# What you will do
Return, word for word, every line starting at the line with "Украшение выполнено из" and ending at the final line of the entries; skip the pictures.

[Stored items from a collection]
━━━━━━━━━━━━━━━━━━━━━━━━━━━━━━

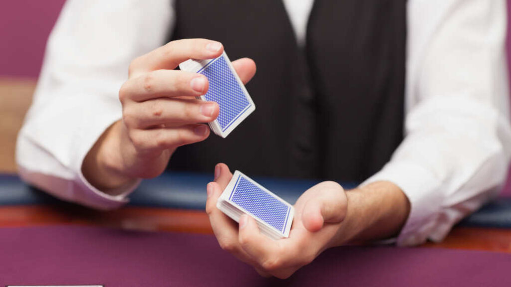 Cards Shuffling Wanted to learn how to shuffle playing cards like a pro? A common shuffling technique is called the riffle, or dovetail shuffle or leafing the cards, in which half of the deck is held in each hand with the. To shuffle a deck of cards reliably, you'll need to make sure that you do more than just a single shuffle,. Cards Shuffling.
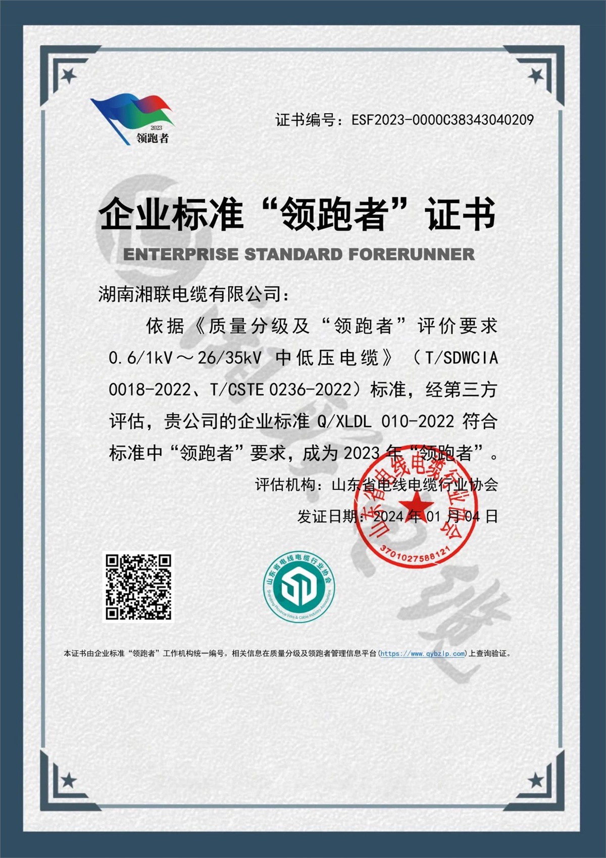 1月,企业标准领跑者管理信息平台公布了2023年企业标准领跑者名单,湖南湘联电缆有限公司凭借企业标准Q/XLDL 010-2022,成为2023年企业标准“领跑者”,湘联电缆连续三年获此殊荣。
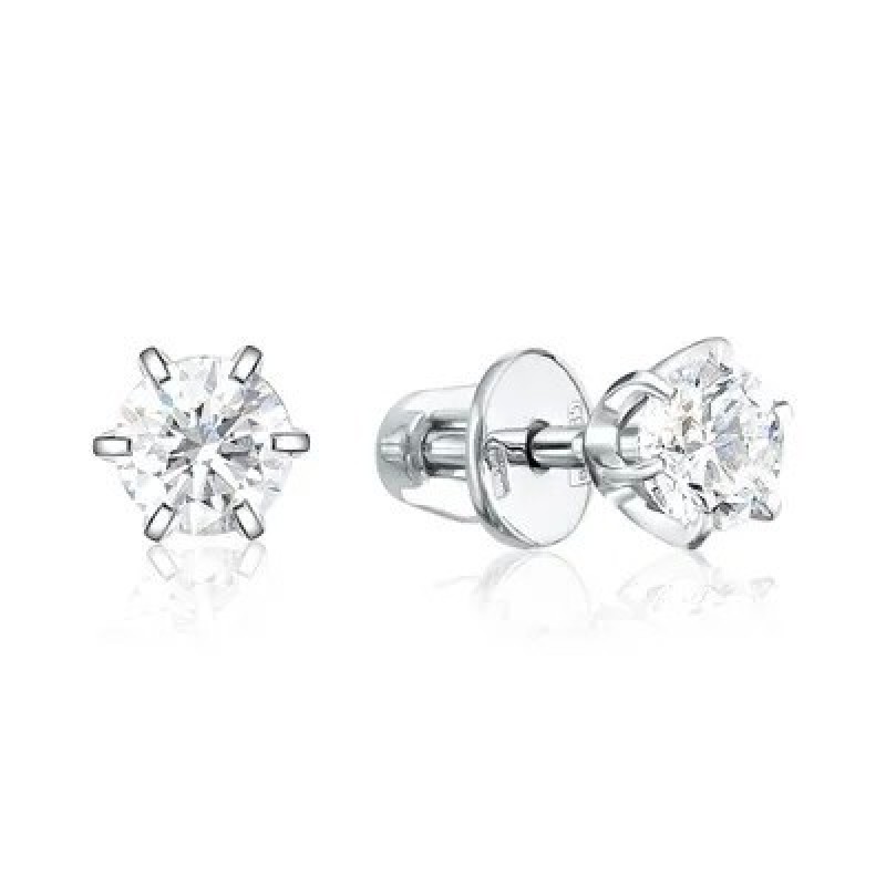 Украшение выполнено из белого золота. Вставка: бриллиант. Характеристики: 2 Бриллиант кр-57 0,800 - 0,900 Ct 3/5 А . Средний вес 1,68 гр. Значение веса изделия на фото и в характеристиках являются примерными и могут отличаться от фактического.
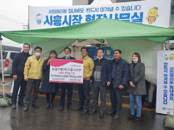 농협은행 시흥시지부에서는 코로나19에 도움이 됐으면 한다며 마스크(KF-94) 1만5,000장과 백미(5kg) 400포를 기부했다. CNS코리아는 손소독제(60ml) 2,550개와 소독제(4L) 100개를 기부했고, TG코리아는 방진용 마스크 1만개를 기부해 7일 수령할 예정이다. 기부된 위생용품은 관내 행정복지센터에서 저소득층 및 취약계층에게 배부할 계획이다.
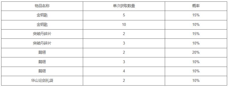 所有玩家每日登陆游戏可领取:华山论剑红包*1,千机券礼盒*2
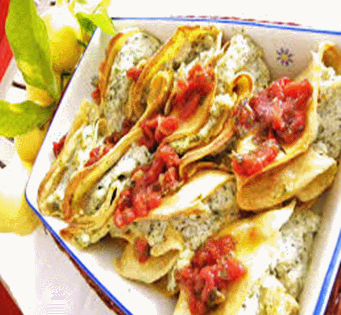 • Ponetele in forno caldo a 180 gradi per circa 15 minuti. Servite ben caldo, decorando con foglie di basilico.
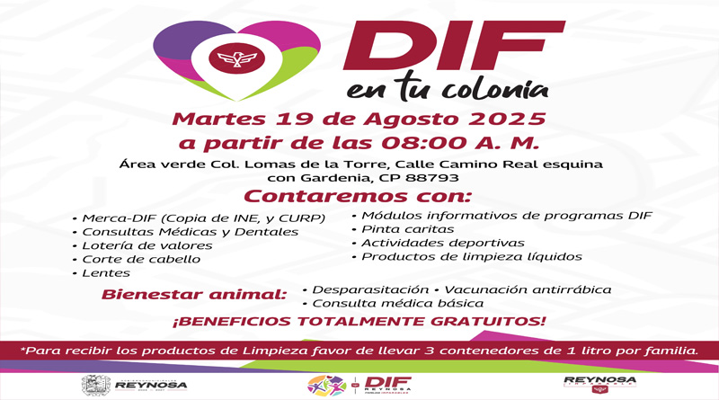 El Sistema DIF-Reynosa, que preside Carlos Luis Peña Garza, invita a las familias de la colonia Lomas de la Torre y sectores aledaños a participar en la Brigada “DIF en Tu Colonia”, que se realizará este martes 19 de agosto, a partir de las 8:00 de la mañana, en el área verde ubicada en calle Camino Real esquina con Gardenia.
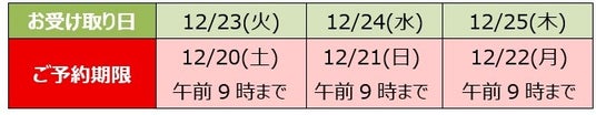 チキンおよびチキンセットはご予約がなくてもお求めいただけますが、お受け取り日の3日前午前9時までにご予約いただくと、時間を指定して店頭のお受け取りが可能です。

━━━━━━━━━━━━━━━━━━━━━━━━━━━━━━

# Your solution
 Украшение выполнено из белого золота. Вставка: бриллиант. Характеристики: 2 Бриллиант кр-57 0,800 - 0,900 Ct 3/5 А . Средний вес 1,68 гр. Значение веса изделия на фото и в характеристиках являются примерными и могут отличаться от фактического.
 농협은행 시흥시지부에서는 코로나19에 도움이 됐으면 한다며 마스크(KF-94) 1만5,000장과 백미(5kg) 400포를 기부했다. CNS코리아는 손소독제(60ml) 2,550개와 소독제(4L) 100개를 기부했고, TG코리아는 방진용 마스크 1만개를 기부해 7일 수령할 예정이다. 기부된 위생용품은 관내 행정복지센터에서 저소득층 및 취약계층에게 배부할 계획이다.
 所有玩家每日登陆游戏可领取:华山论剑红包*1,千机券礼盒*2
 • Ponetele in forno caldo a 180 gradi per circa 15 minuti. Servite ben caldo, decorando con foglie di basilico.
 El Sistema DIF-Reynosa, que preside Carlos Luis Peña Garza, invita a las familias de la colonia Lomas de la Torre y sectores aledaños a participar en la Brigada “DIF en Tu Colonia”, que se realizará este martes 19 de agosto, a partir de las 8:00 de la mañana, en el área verde ubicada en calle Camino Real esquina con Gardenia.
 チキンおよびチキンセットはご予約がなくてもお求めいただけますが、お受け取り日の3日前午前9時までにご予約いただくと、時間を指定して店頭のお受け取りが可能です。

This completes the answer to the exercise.